» **Assigned task**:
Take the listing below and print exactly the lines starting at the line containing "WHEAT Trui ‘August’" and ending at the line containing "Ein Stockwerk tiefer", both ends included, and no others.

*** Listed records ***

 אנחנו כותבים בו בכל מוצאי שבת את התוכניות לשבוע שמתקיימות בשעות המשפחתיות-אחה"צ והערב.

*** End of Listed records ***
*** Listed records ***

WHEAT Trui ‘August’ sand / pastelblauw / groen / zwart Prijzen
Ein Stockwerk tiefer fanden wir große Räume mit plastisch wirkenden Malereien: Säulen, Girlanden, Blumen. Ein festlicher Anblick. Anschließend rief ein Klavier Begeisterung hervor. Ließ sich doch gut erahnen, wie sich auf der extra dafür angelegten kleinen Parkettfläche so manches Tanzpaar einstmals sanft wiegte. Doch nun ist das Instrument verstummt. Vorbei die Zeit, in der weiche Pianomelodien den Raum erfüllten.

*** End of Listed records ***
*** Listed records ***

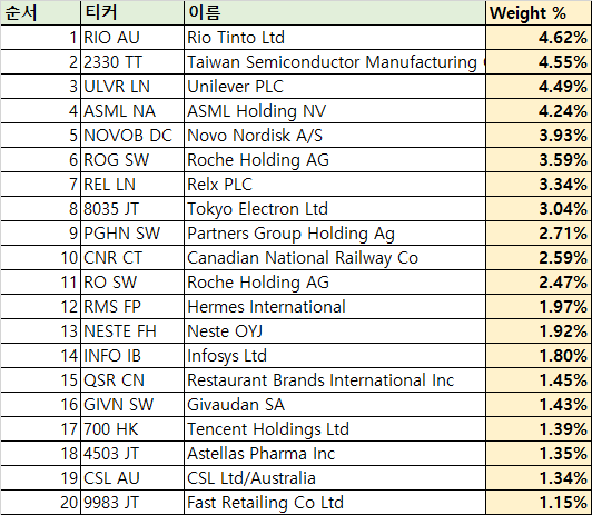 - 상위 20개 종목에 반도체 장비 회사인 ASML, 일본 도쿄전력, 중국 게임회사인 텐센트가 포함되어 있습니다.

*** End of Listed records ***

» **Answer section**:
WHEAT Trui ‘August’ sand / pastelblauw / groen / zwart Prijzen
Ein Stockwerk tiefer fanden wir große Räume mit plastisch wirkenden Malereien: Säulen, Girlanden, Blumen. Ein festlicher Anblick. Anschließend rief ein Klavier Begeisterung hervor. Ließ sich doch gut erahnen, wie sich auf der extra dafür angelegten kleinen Parkettfläche so manches Tanzpaar einstmals sanft wiegte. Doch nun ist das Instrument verstummt. Vorbei die Zeit, in der weiche Pianomelodien den Raum erfüllten.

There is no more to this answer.